WHAT YOU NEED TO DO:
Nothing but the lines below from the one that contains "領域的滲透率和普及度。隨著標準的統一,更 多的創新應用和服務模式得以涌現,推動整個 行業的健康發展。" through the one that contains "제이앤엠뉴스 | 이천시는" should be retyped, exactly and including both ends. Do not include pictures.
====== WORKING DATA
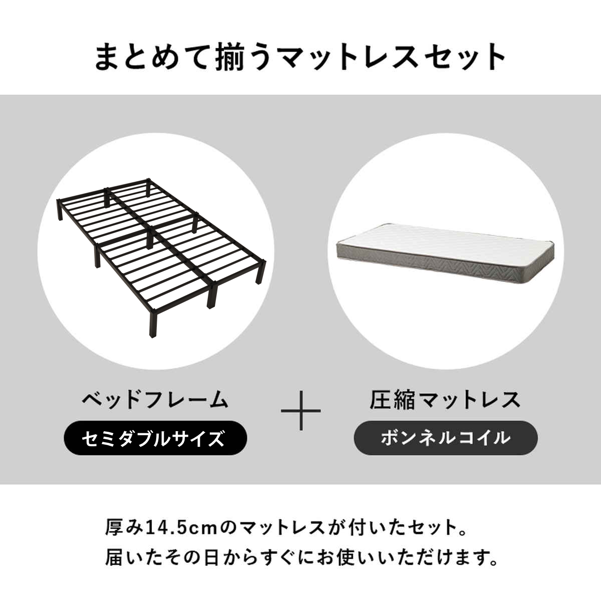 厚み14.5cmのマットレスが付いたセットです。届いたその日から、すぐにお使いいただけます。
============
====== WORKING DATA
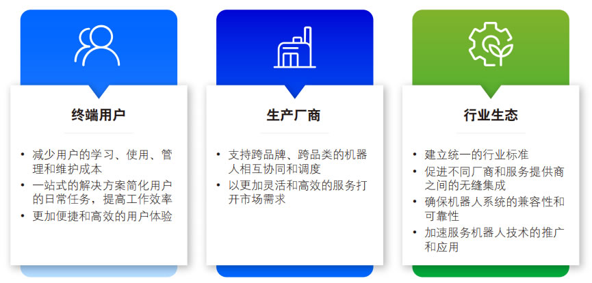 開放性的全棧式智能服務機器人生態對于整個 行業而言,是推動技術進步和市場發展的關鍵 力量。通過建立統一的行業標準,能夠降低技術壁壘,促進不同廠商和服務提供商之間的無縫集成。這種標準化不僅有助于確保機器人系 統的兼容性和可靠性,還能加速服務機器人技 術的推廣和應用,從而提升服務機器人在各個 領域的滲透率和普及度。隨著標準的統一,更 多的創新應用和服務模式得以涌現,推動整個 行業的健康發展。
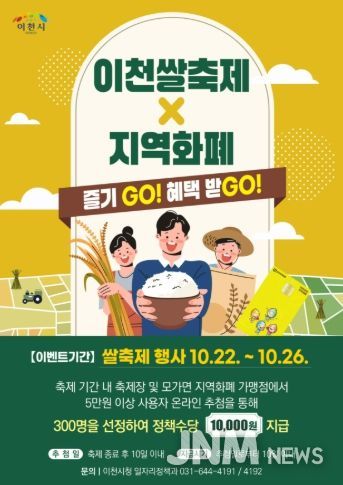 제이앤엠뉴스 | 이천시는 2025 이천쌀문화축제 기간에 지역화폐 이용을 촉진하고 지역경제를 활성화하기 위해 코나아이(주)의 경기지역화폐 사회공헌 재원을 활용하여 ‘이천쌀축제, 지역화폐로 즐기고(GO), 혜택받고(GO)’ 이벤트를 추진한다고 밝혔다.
============
====== WORKING DATA
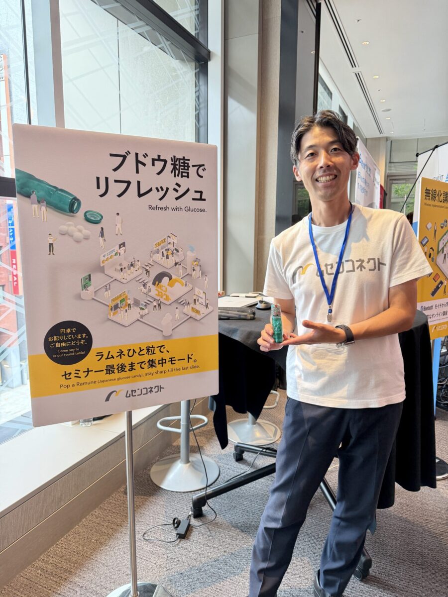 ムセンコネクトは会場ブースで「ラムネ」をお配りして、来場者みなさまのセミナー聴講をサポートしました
============
COMPLETED EXERCISE:
 開放性的全棧式智能服務機器人生態對于整個 行業而言,是推動技術進步和市場發展的關鍵 力量。通過建立統一的行業標準,能夠降低技術壁壘,促進不同廠商和服務提供商之間的無縫集成。這種標準化不僅有助于確保機器人系 統的兼容性和可靠性,還能加速服務機器人技 術的推廣和應用,從而提升服務機器人在各個 領域的滲透率和普及度。隨著標準的統一,更 多的創新應用和服務模式得以涌現,推動整個 行業的健康發展。
 제이앤엠뉴스 | 이천시는 2025 이천쌀문화축제 기간에 지역화폐 이용을 촉진하고 지역경제를 활성화하기 위해 코나아이(주)의 경기지역화폐 사회공헌 재원을 활용하여 ‘이천쌀축제, 지역화폐로 즐기고(GO), 혜택받고(GO)’ 이벤트를 추진한다고 밝혔다.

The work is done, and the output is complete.